And yet, there’s also no question that nothing like such spirals are showing themselves either in the actual data, as shown below, or in forward-looking expectations.
As noted, economists associate this concept of “full employment” with a job market that’s tight enough to generate wage and price pressures. But the concept also includes a strong bargaining power component. When there’s too much slack in the job market, as has been the case for most of the past 30 years, workers lack the clout they need to claim a greater share of the growth they’re helping to produce.
That observation is awfully hard to square with the first figure below. It plots the unemployment rate, along with the yearly growth of the Fed’s favorite inflation gauge and the average wage. I’ve also drawn a line for the Fed’s FEUR: 5.35 percent being the mid-point of the range. As is quite clear, although the unemployment rate has fallen to a level just above the Fed’s FEUR, we see no pressure on wage or price growth.
So what’s going on here? The next figure provides what I’d argue is an important answer to that question. The blue line is just nominal wage growth, same as in figure 1. It has been stuck at about 2 percent since 2010. The red line comes from a simple model that predicts wage growth based on unemployment alone (see data note below).
I ran the model through 2012 and then predicted wage growth going forward based on the actual decline of unemployment since then. As you see, as unemployment gets close to the Fed’s full employment rate, the model predicts wage acceleration.
But that prediction is wrong. Following work by economists Adam Posen and David Blanchflower, I added another variable to the model: the labor force participation rate. The idea for its inclusion is simple: The job market is less tight than you’d think from just looking at the unemployment rate, because a lot of people gave up the search when job creation was negative or weak.
As the pace of job growth has picked up, the labor force has stabilized, and that’s a good sign. But the participation rate is still low and some economists, including me, believe there are significant numbers of people who are not officially in the labor force — they’re neither working nor looking for work — but would come back if decent jobs were available.
If that’s true, then two other things should be true: 1) Part of the decline in the labor force is just slack that’s not measured by the unemployment rate, and 2) putting the labor force rate in my model should improve its out-of-sample prediction of the wage data.
And that’s just what you see in the green line in the figure. Adding the labor force participation rate to the same model, stopping the estimation in 2012 and predicting wage growth going forward, this version shows no acceleration and cuts right through the actual wage trend.
As Fed Chairman Janet Yellen has observed, “Some ‘retirements’ are not voluntary, and some of these workers may rejoin the labor force in a stronger economy . . . a significant amount of the decline in participation during the recovery is due to slack.”
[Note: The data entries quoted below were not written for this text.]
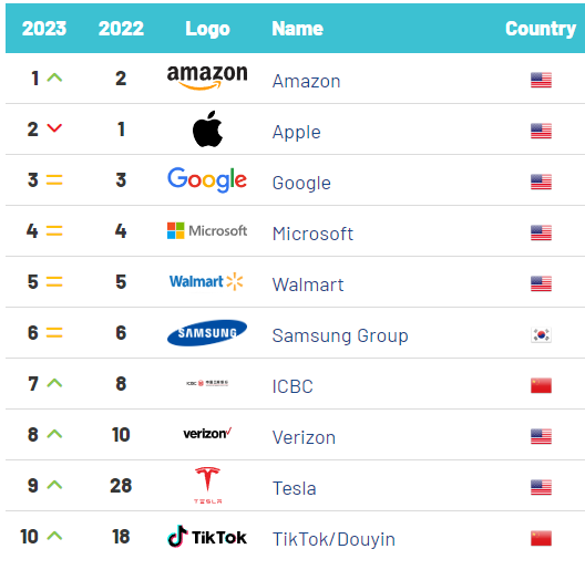 1~10위 기업은 미국 7개, 한국 1개, 그리고 중국이 2개를 차지했습니다. 상위 그룹은 크게 변동은 없었지만 테슬라와 틱톡이 전년 대비 크게 상승하며 처음으로 상위 10위에 올랐고 한국의 삼성이 작년과 같은 순위인 6위에 올랐습니다.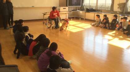 国語の学習で「もうどう犬の訓練」の学習をしてきたので、「はたらく犬」のことについては知っていたり、介助犬のことを調べていて知っていたりする子もいましたが、実際に自分の目で見て、実勢に訓練されている方の話を聞くことで新たな発見がたくさんあったようです。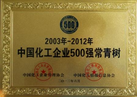 近日,由中國化工企業(yè)管理協(xié)會、中國化工情報信息協(xié)會組織的2013中國化工企業(yè)500強發(fā)布會在山東省德州市舉行,我公司入圍2013中國化工企業(yè)500強,在2013中國專用化學(xué)品制造業(yè)百強企業(yè)第11位,并被評為2003-2012年中國化工企業(yè)500強常青樹。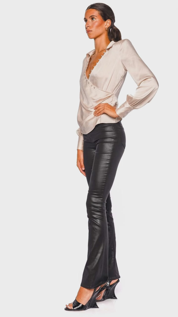 These Selma High-Rise Baby Boot Jeans feature a sleek noir coated finish that adds a modern edge to any ensemble. The luxurious fabric provides a flattering silhouette that transitions effortlessly from day to night. Perfectly designed for the trendsetter, these pants offer unmatched elegance and sophistication. Pair with a silky blouse and pointed-toe heels for an elevated, fashion-forward look.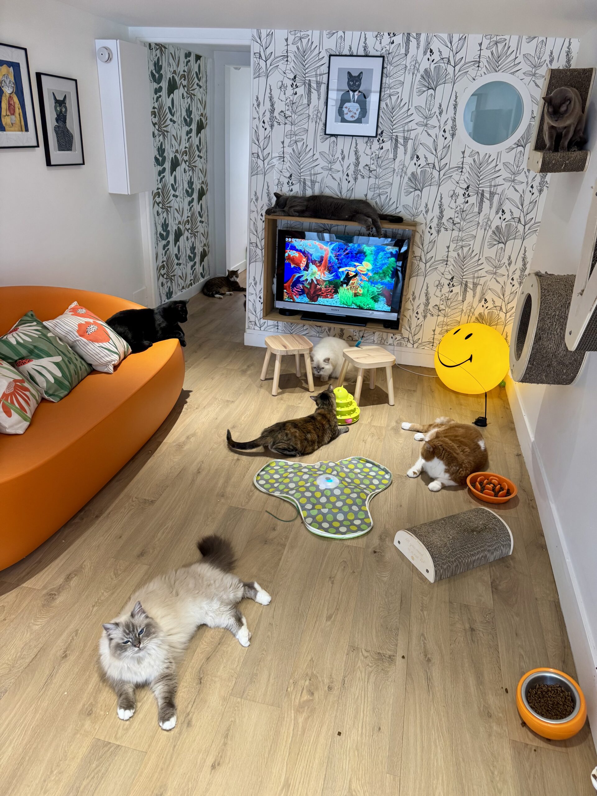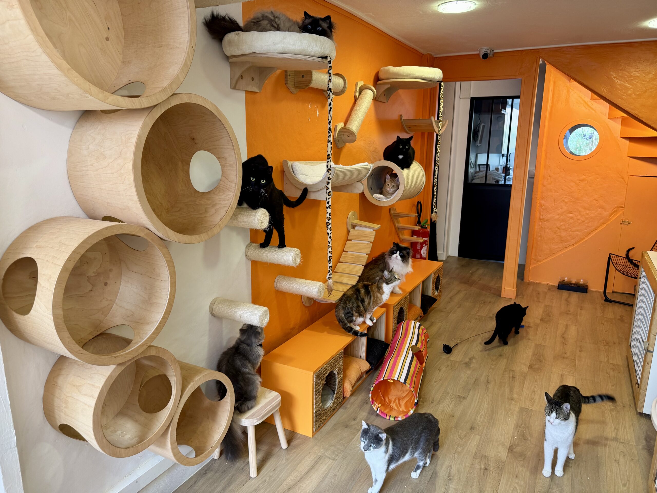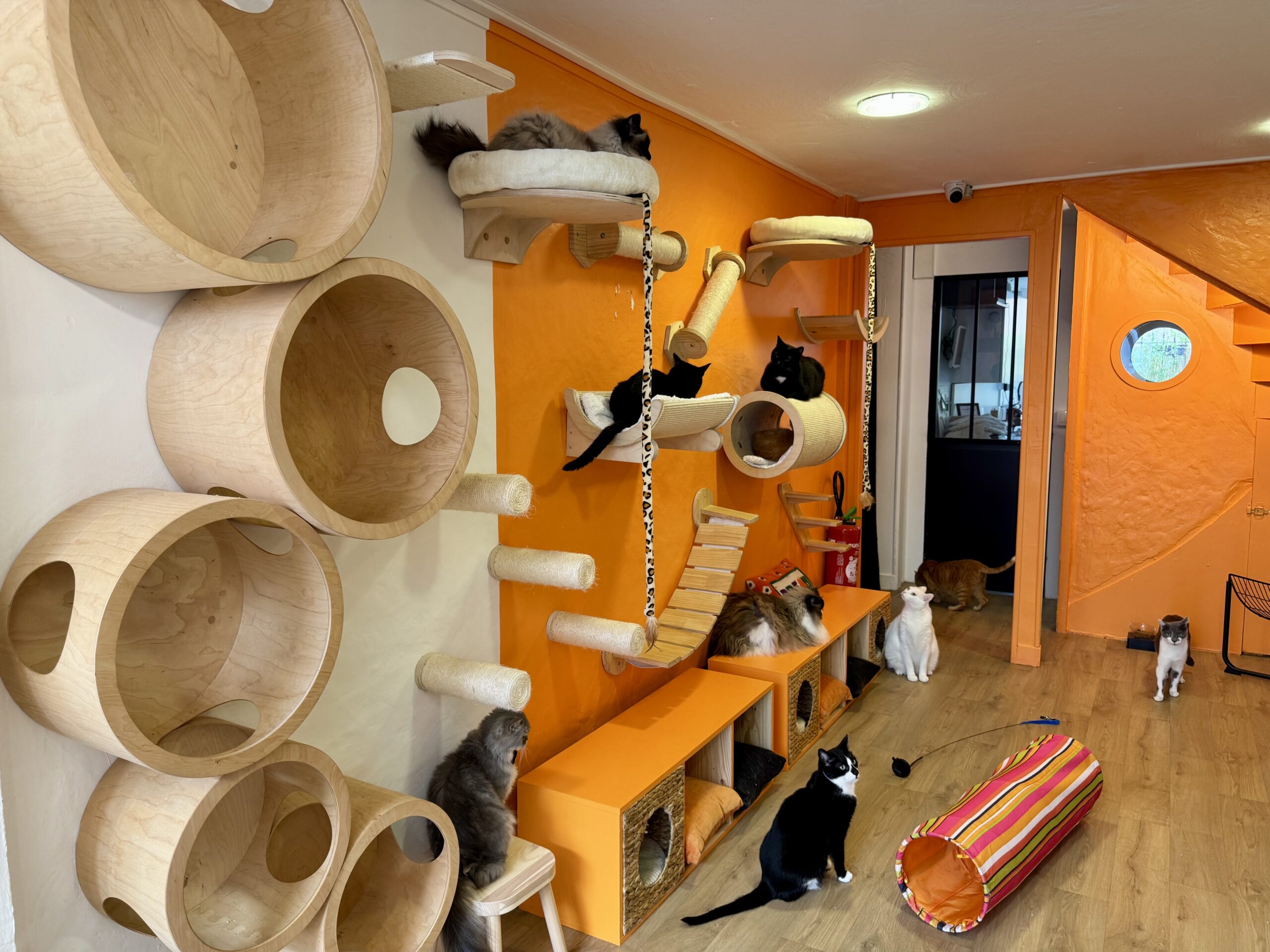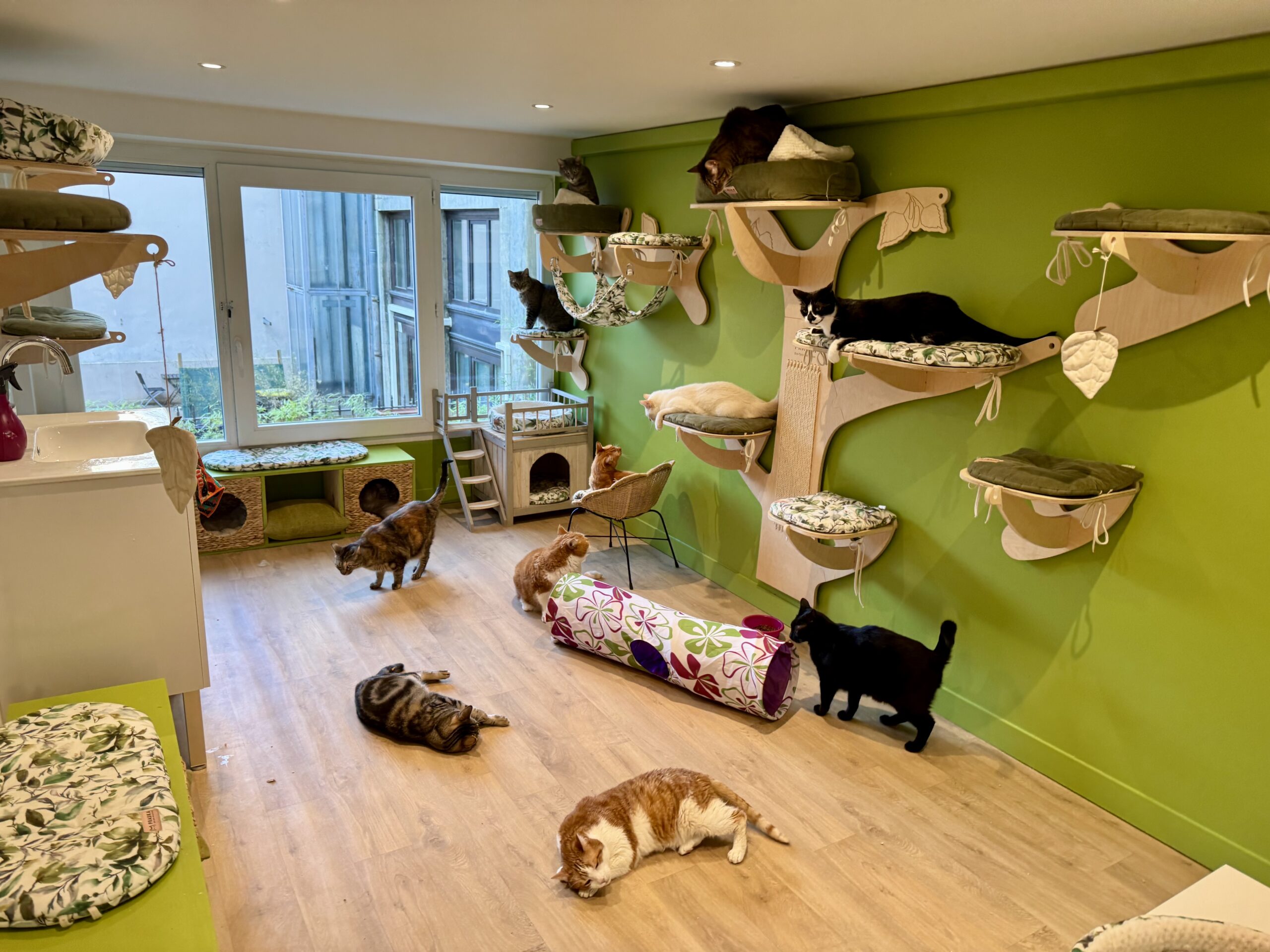 Découvrez des espaces à thème, un salon TV, une zen room cosy et de fabuleux arbres a chats dans chaque espace avec des vues extérieures. Un véritable écrin pour vos sens

So, you want to know why wages aren’t rising yet? It’s because there’s still too much slack in the job market. Yes, there are more jobs, but there are still either too many workers chasing them or waiting in the wings to do so that employers don’t have to bid wages up to get the workforce they need.
What to do about that will be the subject of my next post later this week. For now, I’ll say this: The Fed needs to either update its FEUR to match reality or clarify why these variables are not behaving the way they should be if their FEUR is correct.
Data note: The model regresses yearly percent changes of nominal average hourly wage growth on unemployment with one lag and four lags of the dependent variable. The second model adds the labor force participation rate, also with one monthly lag. The estimation goes through Dec. 2012 and then forecasts using actual values for unemployment and lfpr.